Bangkok, Thailand • January 28, 1964

This is my fifth visit to Thailand. On earlier trips I came to discuss what contribution the Peace Corps might make in Thailand; and to observe and inspect Peace Corps operations for myself.

That was in our early days. The Peace Corps was a new idea. Our earlier date Volunteers were untried. And many, both abroad and in the United States, were skeptical of the worth of their efforts.

Today that is no longer so. The Peace Corps is a going operation. There are many tests left for it; but it has passed the early challenges of acceptance abroad and at home with flying colors.

We now have 7000 people working in 46 countries. This past year 38,000 Americans--three times as many as our first year--volunteered for Peace Corps service. In Southeast Asia alone--from Indonesia to Thailand to Afghanistan--almost 1800 Volunteers are at work, and we are preparing to send 1300 more by this summer. Two hundred and sixty-five are in Thailand. All these Volunteers are living and working overseas, without special privileges or commissaries or allowances, under local conditions, and without pay. And they like it.

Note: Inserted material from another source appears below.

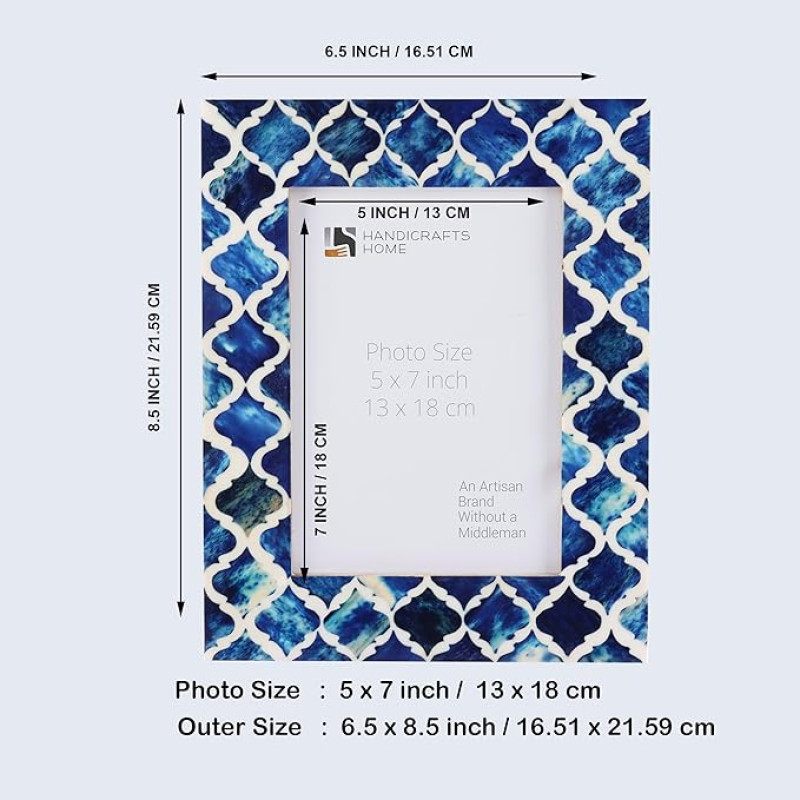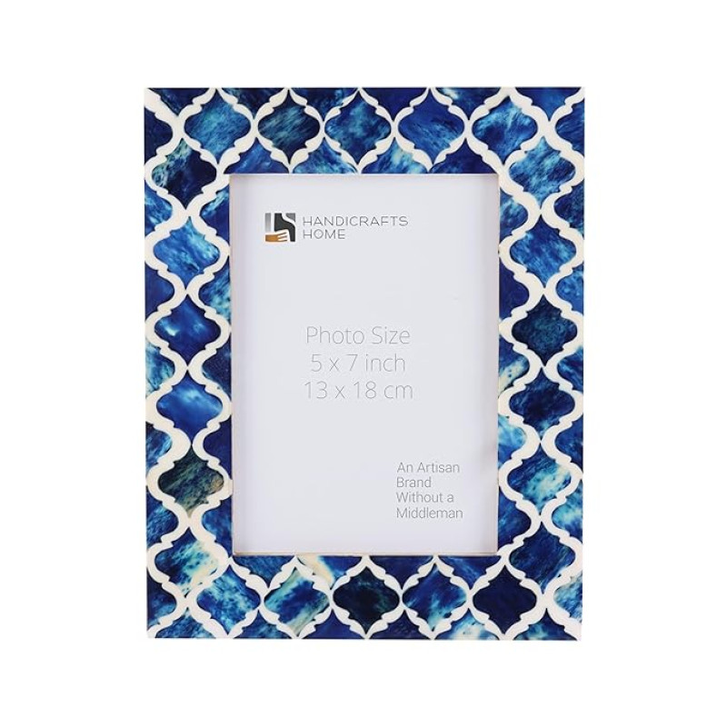 Picture Photo Frame Moorish Damask Moroccan Arts Inspired Handmade Naturals Bone Frames Photo Size 5X7 Inches Blue White

This is an important part of our record.

But this in not what I want to discuss here, tonight, before this informed group of citizens.

For you are concerned with the great issues of foreign affairs. The question uppermost in your mind is what relationship can the Peace Corps possibly have to those issues.

We might all agree that, the Peace Corps is a nice thing; that it has done well here in Thailand; that it has contributed to the need for skills; helped people to know more about the United States; and taught the PCVs much about Thailand.

But what of it?

In this world of the cold war and the many little hot wars, of the hydrogen bomb, the Atlantic Alliance, SEATO, and the Sino-Soviet split--on this giant Asian continent where communist subversion, guerilla warfare and political uncertainty occupy much of your time and thought--what room is there for a Peace Corps?

What difference can it possibly make--in the face of such enormous and complex forces--that a few thousand Americans go overseas to serve mankind? Isn’t it an illusion to think that the Peace Corps might actually help to bring peace--help to change the world?

Let me start my answer with a question.

What is going to change the world? If you believe men must live together in a different way in this conflict-ridden world, how is this going to come about?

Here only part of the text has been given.